まず、本発明の第1実施形態に係るエアヒータ1について説明する。
図1は、本発明の第1実施形態に係るエアヒータ1を用いたボイラ装置100の構成を模式的に示す図である。
ボイラ装置100は、缶体110と、送風機120と、給気路130と、排気路140と、給水路150と、エコノマイザ160と、本発明の熱交換器としてのエアヒータ1と、を備える。

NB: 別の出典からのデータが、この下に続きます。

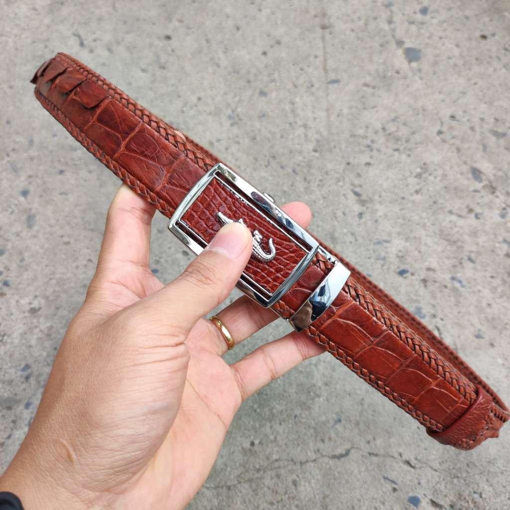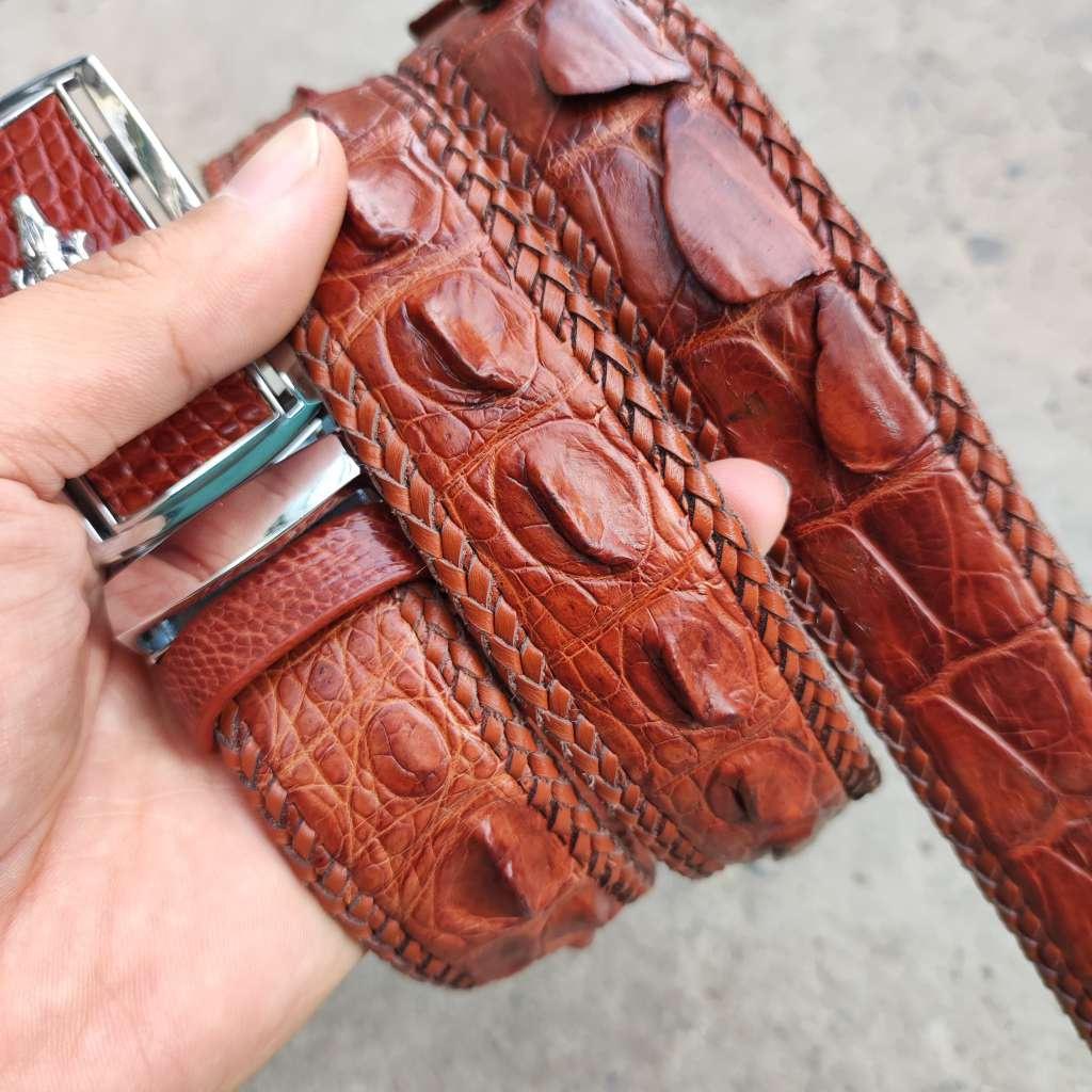 Dây lưng da cá sấu liền 1 miếng đan viền thủ công

ボイラ筺体111は、側面に形成された給気口111a及び排気口111bを有する。ボイラ筺体111は、給気口111aにおいて、後述の給気路130の先端部と接続され、排気口111bにおいて、後述の排気路140の基端部と接続される。
上部ヘッダ114は、水管群112の上方に配置される。上部ヘッダ114には、水管群112を構成する複数の水管の上端部が接続される。上部ヘッダ114の上部には、上部ヘッダ114の内部の蒸気を流出させる図示しない蒸気流出管が接続される。

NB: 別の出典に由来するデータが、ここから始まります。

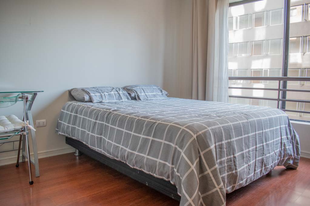 Departamento amoblado de un ambiente (studio) ubicado a 3 minutos caminando de la parada de autobús y a 3 minutos caminando de la Estación de Metro Bellas Artes.El departamento tiene cocina (cerrada) y 1 baño. La habitación 1 tiene cama matrimonial, clóset, mesa de noche, televisor, escritorio y silla; El lugar mide 23m² aproximadamente. Los gastos de servicios de gastos comunes, agua caliente, agua fría, electricidad e internet se pagan por adelantado junto a la renta mensual, con un límite de consumo de $ 84USD. El alojamiento tiene lavandería compartida cuyo valor es $ 2USD aproximadamente por carga de ropa (lavado o secado). Se debe pagar garantía (depósito) la que será devuelta al finalizar el período de arriendo; además, se debe pagar $ 29USD al momento de devolver el alojamiento para realizar la limpieza del lugar. Cerca del alojamiento se encuentra el Barrio Lastarria y Barrio Bellas Artes (barrios históricos - culturales), caracterizados por sus casonas del siglo XIX restauradas y utilizadas como restaurantes, cafeterías, librerías, centros culturales, entre otros. A pasos podrás encontrar el Museo Nacional de Bellas Artes, donde se resguarda lo más valioso del arte nacional e internacional y el Parque Forestal, lugar ideal para compartir con amigos, practicar deportes y pasear.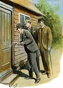 Holmes decides to accompany Hopkins to Forest Row, and upon arrival, Hopkins observes that someone has tried to break into Carey's cabin, but failed. After examining the inside of the cabin, Holmes deduces from the lack of dust that something has been taken from a shelf, even though the burglar did not get in. The stolen item was a book, or possibly a box. Holmes believes that the burglar will likely try again, this time bringing a more useful tool for the job. So, Holmes, Dr. Watson, and Hopkins all lie in wait for the burglar that night, and they are not disappointed. Along he comes, he breaks into the cabin, and goes through one of Carey's old logbooks, cursing when he finds that the information that he wants is missing, having been torn out of the book. As he is leaving the cabin, Hopkins moves in and arrests him.

給気路130は、燃料供給ライン131の先端部と接続する。燃料供給ライン131から供給された燃料ガスは、送風機120によって引き込まれた燃焼用空気と混合される。
本実施形態では、排気路140は、図1に示すように、ボイラ筺体111に形成された排気口111bから上方に延びる第1上向き排気路部141と、第1上向き排気路部141の上端部から屈曲した後に下方に延びる下向き排気路部142と、下向き排気路部142の下端部から屈曲した後に上方に延びる第2上向き排気路部143と、を備える。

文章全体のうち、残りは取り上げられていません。